Feature: Add support for Data Profiling Scan #1392

syou6162 · 2024-11-03T23:08:29Z

resolves #1330

Problem

Dataplex data profiling lets you identify common statistical characteristics of the columns in your BigQuery tables. This information helps you to understand and analyze your data more effectively.

https://cloud.google.com/dataplex/docs/data-profiling-overview?hl=en

If you are managing tables with dbt, it is natural to want to configure Data Profile Scan in a yaml file. If data profiling could be set within dbt after the table is created, it would make it easier for dbt users to use the data profiling function.

Solution

I created this pull request to add support for Data Profiling Scan.

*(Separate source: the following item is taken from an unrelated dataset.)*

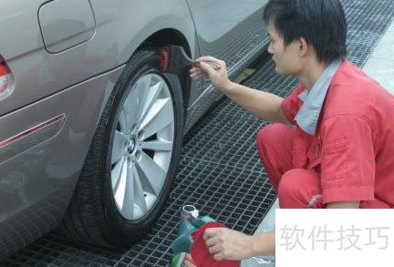 27、 为轮胎涂抹保护蜡,并用毛巾擦净钢圈和胎面。

If you write the following in dbt_project.yml and then run dbt run, the Data Profile Scan settings will be configured automatically.

models:
  +on_schema_change: "sync_all_columns"
  my_project:
    +persist_docs:
      relation: true
      columns: true
    sandbox:
      +schema: sandbox
      +materialized: table
      +data_profile_scan:
        location: us-central1
        sampling_percent: 10
        enabled: "{{ target.name == 'prod'}}"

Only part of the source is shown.